Vonis MA itu menguatkan putusan Pengadilan Tindak Pidana Korupsi (Tipikor) pada Pengadilan Negeri (PN) Palangka Raya yang menyatakan Willem tidak terbukti melaksanakan tindak pidana korupsi sebagaimana dakwaan primair dan subsidair jaksa penuntut biasa .
Dengan putusan MA itu, maka kasus Willem telah berkekuatan aturan tetap sehingga mesti secepatnya dibebaskan.
“Menolak permintaan kasasi dari pemohon kasasi/penuntut biasa pada Kejaksaan Negeri Lamandau tersebut,” demikian bunyi amar putusan dikutip dari laman resmi MA, Jumat (13/1).
Perkara nomor: 7164 K/Pid.Sus/2022 ini diadili oleh ketua majelis hakim Sri Murwahyuni dengan anggota masing-masing Jupriyadi dan Ansori. Putusan dijatuhkan pada Selasa, 27 Desember 2022.
“Membebankan ongkos masalah pada seluruh tingkat peradilan dan pada tingkat kasasi terhadap negara,” kata hakim MA dalam putusannya.
MA menganggap argumentasi kasasi penuntut lazim tidak dapat dibenarkan alasannya putusan judex facti tidak salah dan sudah menerapkan peraturan aturan sebagaimana mestinya serta cara mengadili telah dikerjakan berdasarkan ketentuan Undang-undang.
Menurut MA, putusan judex facti juga sudah mempertimbangkan fakta aturan yang berkaitan secara yuridis dengan tepat dan benar sesuai fakta hukum yang terungkap di paras sidang yaitu pekerjaan pengerjaan jalan sepanjang ±1.300 M di Desa Kinipan yang dijalankan oleh CV Bukit Pendulungan pada tahun 2017 di mana Willem belum menjabat sebagai Kepala Desa Kinipan dan masih warga umumyang tinggal di Nanga Bulik.
“Bahwa ketika terdakwa [Willem Hengki] masuk kantor selaku Kepala Desa di bulan November 2020, ada ajakan pembayaran sebesar Rp400.000.000,00 atas pekerjaan pengerjaan jalan sepanjang±1.300 Myang dilakukan CV Bukit Pendulungan sebelumnya,” tutur hakim dalam pertimbangannya.
Atas seruan pembayaran tersebut, Willem menyelenggarakan konferensi dengan warga yang mengenali pembangunan jalan tersebut dan menghadap camat serta berkonsultasi ke dinas PMD dan Inspektorat Kabupaten Lamandau.

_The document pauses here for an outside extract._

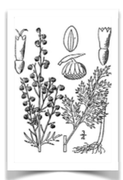
USDA-NRCS PLANTS Database / Britton, N.L., and A. Brown. 1913. An illustrated flora of the northern United States, Canada and the British Possessions. 3 vols. Charles Scribner's Sons, New York. Vol. 3: 527.

Artemisia pauciflora (Russian santonica, Levant wormseed, Tartarian southernwood) is a medicinal herb from the steppes of central Asia where unexpanded flower buds or heads are used to treat worms (anthelmintic), to encourage menstrual flow (emmenagogue), and as a stimulant. The plant is small (to 12 inches tall), perennial, grey-green, aromatic and bitter. Crusaders returning from the Middle East introduced it to Europe where it was also used to treat worms (Richters, 2014). Hardy in Zones 3-8.

Hasil pertemuan dengan pejabat terkait tersebut, Willem sebagaiKepala Desa Kinipan melakukan pembayaran sebesar Rp350.000.000,00 sesuai hasil penghitungan ulang oleh Konsultan Perencana (CV Listra Arcdimensi) yang ditunjuk Willem dan bukan pembangunan fiktif sesuai hasil peninjauan ke lapangan serta telah dilakukan penghitungan ulang oleh Dinas PUPR Kabupaten Lamandau.
“Bahwa perbuatan terdakwa tidak memakai aplikasi Sistem Keuangan Desa (Siskeudes) karena aplikasi tersebut tidak mengenal nomenklatur mengeluarkan uang utang sehingga digunakan prosedur pengadaan barang/jasa. Hal tersebut bukan ialah tindakan melawan hukum atau penyalahgunaan wewenang,” tutur hakim.

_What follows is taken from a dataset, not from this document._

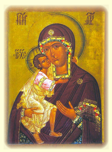
Synaxis of the "Feodorovskaya" Icon of the Most Holy Theotokos

“Dengan demikian, terdakwa tidak terbukti melakukan tindak pidana korupsi sebagaimana dalam dakwaan primair dan subsidair,” tutur hakim.
Vonis ini sesuai dengan putusan pengadilan tingkat pertama yang turut meminta jaksa memulihkan hak-hak Willem dalam kesanggupan, kedudukan, harkat dan martabat.

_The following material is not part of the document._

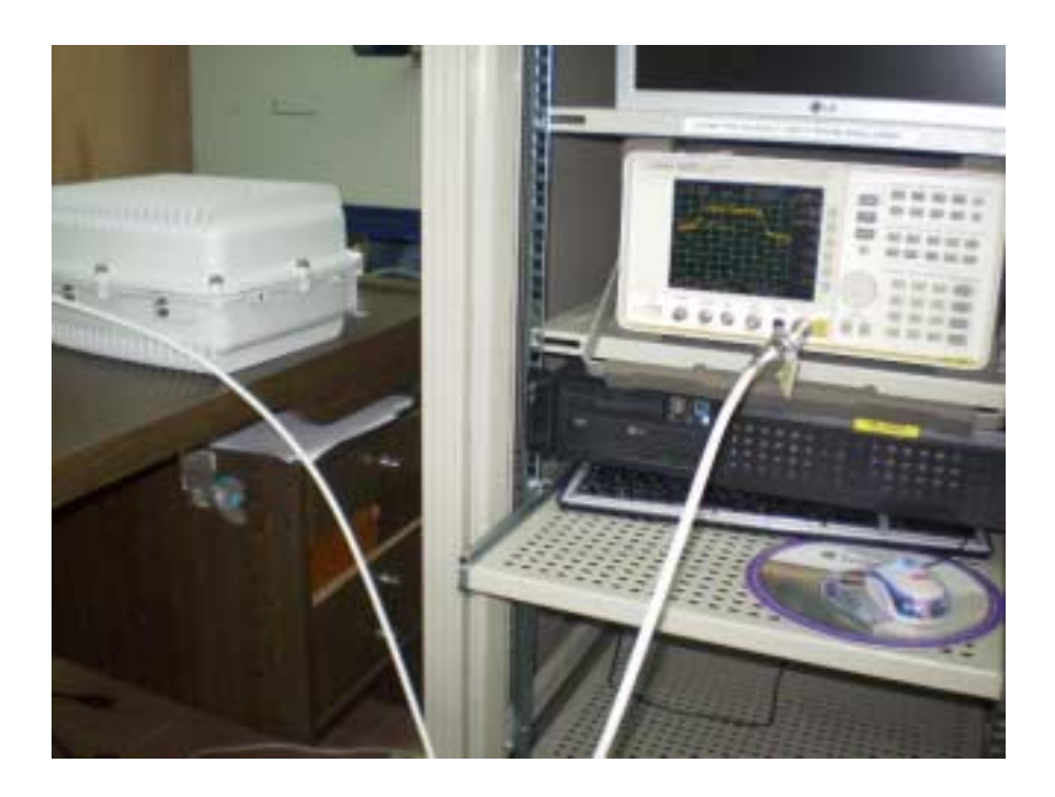
Photograph No.1 Peak output power, occupied bandwidth and spurious emissions at RF antenna connector test setups

Vonis tersebut berbeda dengan tuntutan jaksa yang meminta agar Willem dieksekusi dengan pidana satu tahun enam bulan penjara dan denda Rp50 juta.
Jaksa menganggap Willem sudah merugikan keuangan negara sebesar Rp261.356.798,57 atas pengelolaan keuangan desa yang dilakukan tidak secara transparan, akuntabel dan partisipatif.
Willem disebut secara sengaja menganggarkan pekerjaan yang telah nyata telah dijalankan pada 2017 dan membayarkan pekerjaan itu tanpa disertai dokumen penunjang yang diharapkan untuk pencairan anggaran.
Kerugian negara itu berdasarkan perkiraan Badan Pengawasan Keuangan dan Pembangunan (BPKP) yang diterbitkan pada 19 Mei 2021. Namun, dakwaan jaksa penuntut biasa itu tak dikabulkan majelis hakim.